Linear Functions and Constraints

This module implements linear functions (see LinearFunction) in formal variables and chained (in)equalities between them (see LinearConstraint). By convention, these are always written as either equalities or less-or-equal. For example:

sage: p = MixedIntegerLinearProgram()
sage: x = p.new_variable()
sage: f = 1 + x[1] + 2*x[2];  f     #  a linear function
1 + x_0 + 2*x_1
sage: type(f)
<class 'sage.numerical.linear_functions.LinearFunction'>

sage: c = (0 <= f);  c    # a constraint
0 <= 1 + x_0 + 2*x_1
sage: type(c)
<class 'sage.numerical.linear_functions.LinearConstraint'>

p = MixedIntegerLinearProgram()
x = p.new_variable()
f = 1 + x[1] + 2*x[2];  f     #  a linear function
type(f)
c = (0 <= f);  c    # a constraint
type(c)

Note that you can use this module without any reference to linear programming, it only implements linear functions over a base ring and constraints. However, for ease of demonstration we will always construct them out of linear programs (see mip).

Constraints can be equations or (non-strict) inequalities.
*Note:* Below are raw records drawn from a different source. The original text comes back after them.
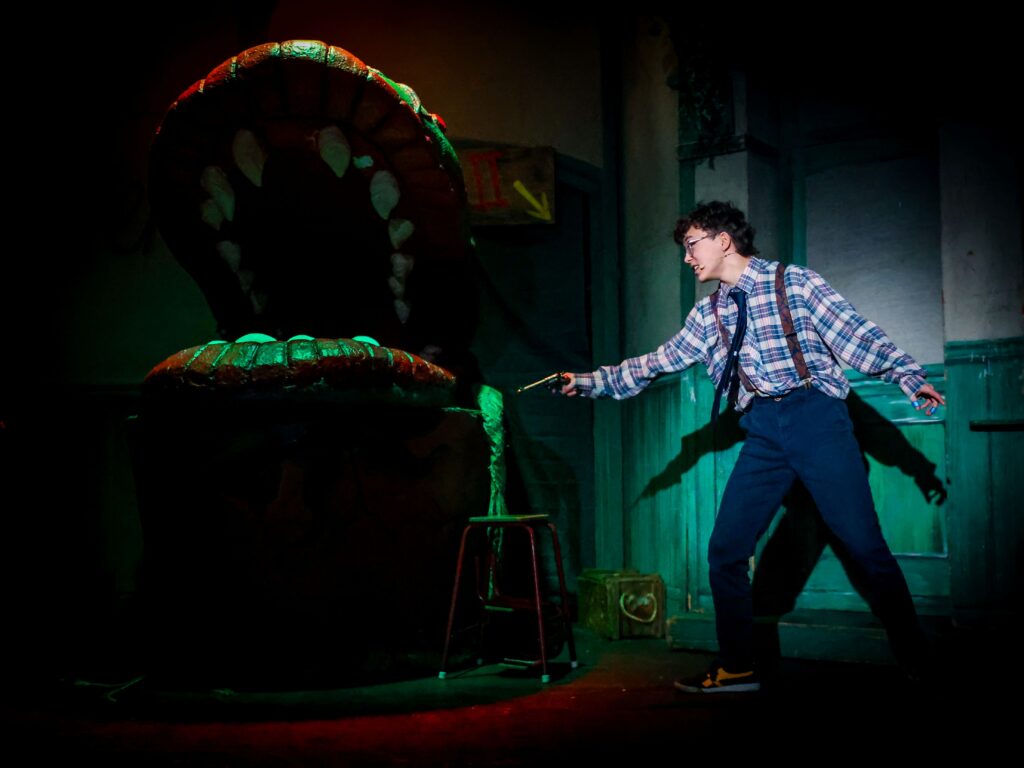 From the opening number to the final curtain, the cast delivered a performance brimming with confidence and charisma. The role of Seymour was portrayed by Lawrence in Upper Sixth with heartfelt sincerity and strong vocal control, capturing the character’s journey from timid underdog to desperate man caught in a monstrous bargain. His love interest, Audrey, was brought to life with both vulnerability and charm by Emily in Lower Sixth, her rendition of Suddenly, Seymour a standout moment of emotional depth.
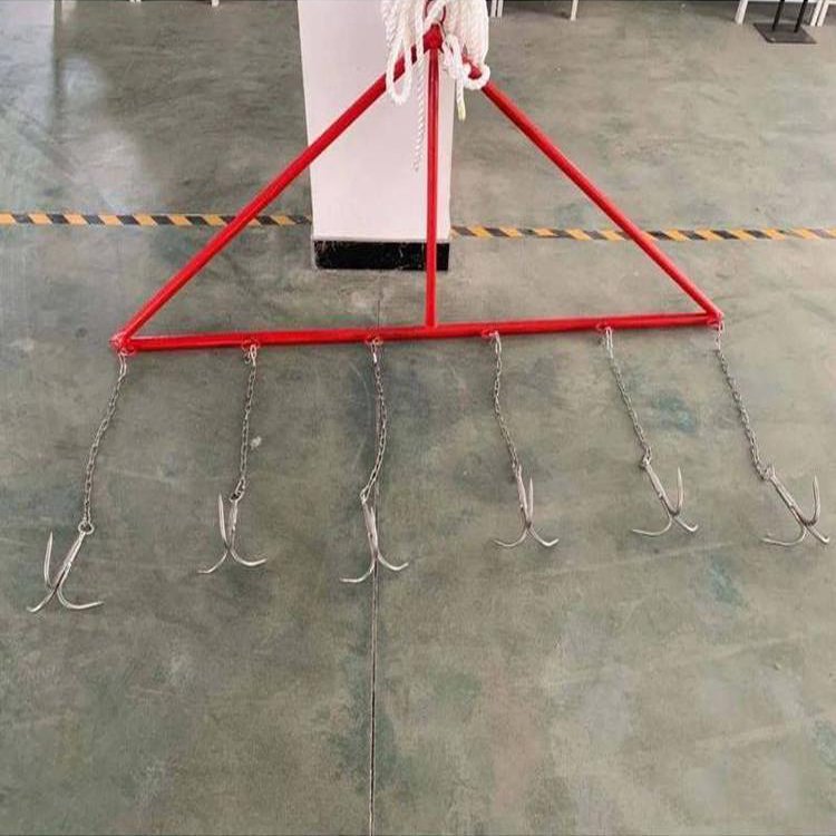 产品特点: 1.用于搜寻打捞落水失踪者, 在一些透明度不十分好的水域,原来只能依赖潜水员下潜搜寻落水失踪者。 2.该救生滚钩由三角拉杆,不锈钢锁链,三爪锚钩,搭扣连接器,不小于10m双层尼龙编织绳组成。
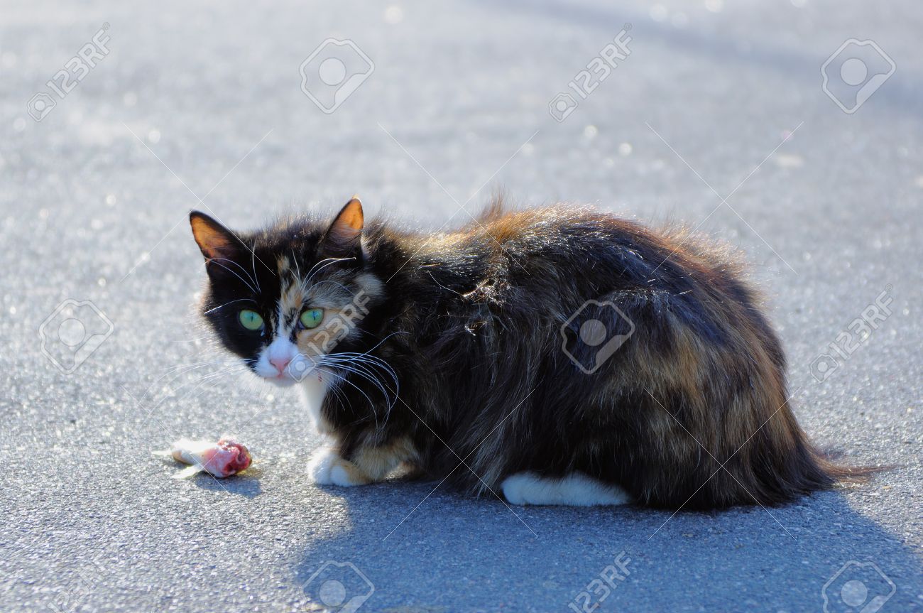 旁边的猫坐在一半 - 吃鱼的行业
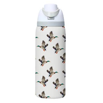 The Owala FreeSip 24 oz thermal bottle delivers flexible, on-the-go hydration. Built from durable 18/8 stainless steel with double wall construction and copper vacuum insulation, it keeps cold beverages chilled for hours. It features a dual-purpose threaded lid with a push-button locking mechanism, offering the option to sip through the built-in straw or tilt back to drink through the wide-mouth opening. Finished with a durable powder coated exterior for a secure, stylish grip. · 24 oz · 18/8 stainless steel · double wall · copper vacuum insulation · dual-purpose threaded lid · push-button locking mechanism · sip opening with built-in straw · powder coated finish · for cold beverages
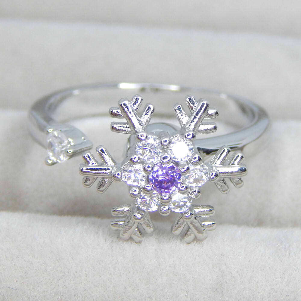 - 新品★送料無料 回る 雪の結晶 CZアメジストダイヤモンドリング フリーサイズ 指輪 シルバー ジルコニア レディース アクセサリー
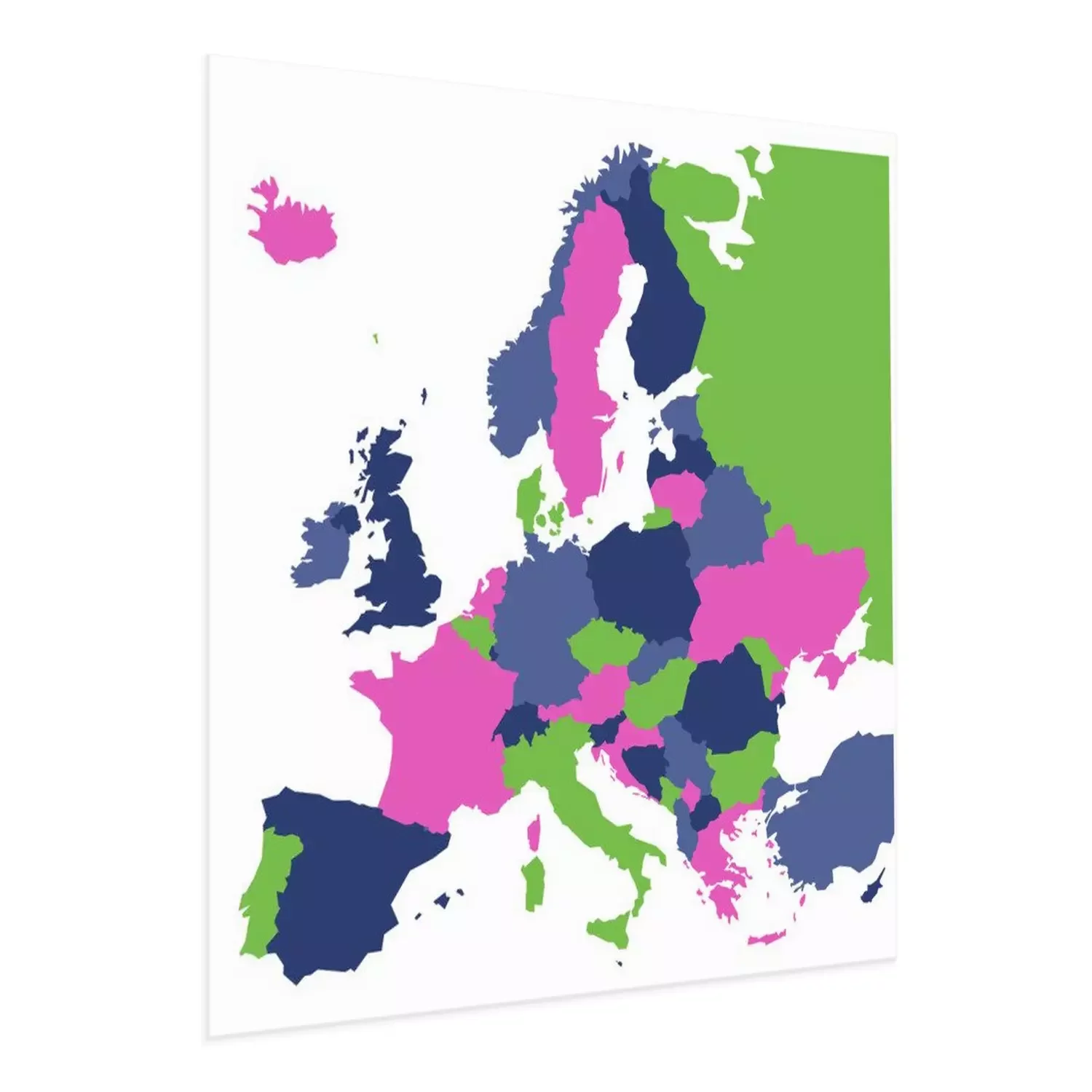 Poster Politieke kaart van Europa continent in vier kleuren met witte land naamlabels en geïsoleerd op een witte achtergrond. Vector illustratie.

They can be chained:

sage: p = MixedIntegerLinearProgram()
sage: x = p.new_variable()
sage: x[0] == x[1] == x[2] == x[3]
x_0 == x_1 == x_2 == x_3

sage: ieq_01234 = x[0] <= x[1] <= x[2] <= x[3] <= x[4]
sage: ieq_01234
x_0 <= x_1 <= x_2 <= x_3 <= x_4

p = MixedIntegerLinearProgram()
x = p.new_variable()
x[0] == x[1] == x[2] == x[3]
ieq_01234 = x[0] <= x[1] <= x[2] <= x[3] <= x[4]
ieq_01234

If necessary, the direction of inequality is flipped to always write inequalities as less or equal:

sage: x[5] >= ieq_01234
x_0 <= x_1 <= x_2 <= x_3 <= x_4 <= x_5

sage: (x[5] <= x[6]) >= ieq_01234
x_0 <= x_1 <= x_2 <= x_3 <= x_4 <= x_5 <= x_6
sage: (x[5] <= x[6]) <= ieq_01234
x_5 <= x_6 <= x_0 <= x_1 <= x_2 <= x_3 <= x_4

x[5] >= ieq_01234
(x[5] <= x[6]) >= ieq_01234
(x[5] <= x[6]) <= ieq_01234

Warning

The implementation of chained inequalities uses a Python hack to make it work, so it is not completely robust. In particular, while constants are allowed, no two constants can appear next to each other. The following does not work for example:

sage: x[0] <= 3 <= 4
True

x[0] <= 3 <= 4

If you really need this for some reason, you can explicitly convert the constants to a LinearFunction:

sage: from sage.numerical.linear_functions import LinearFunctionsParent
sage: LF = LinearFunctionsParent(QQ)
sage: x[1] <= LF(3) <= LF(4)
x_1 <= 3 <= 4

from sage.numerical.linear_functions import LinearFunctionsParent
LF = LinearFunctionsParent(QQ)
x[1] <= LF(3) <= LF(4)

class sage.numerical.linear_functions.LinearConstraint

Bases: LinearFunctionOrConstraint

A class to represent formal Linear Constraints.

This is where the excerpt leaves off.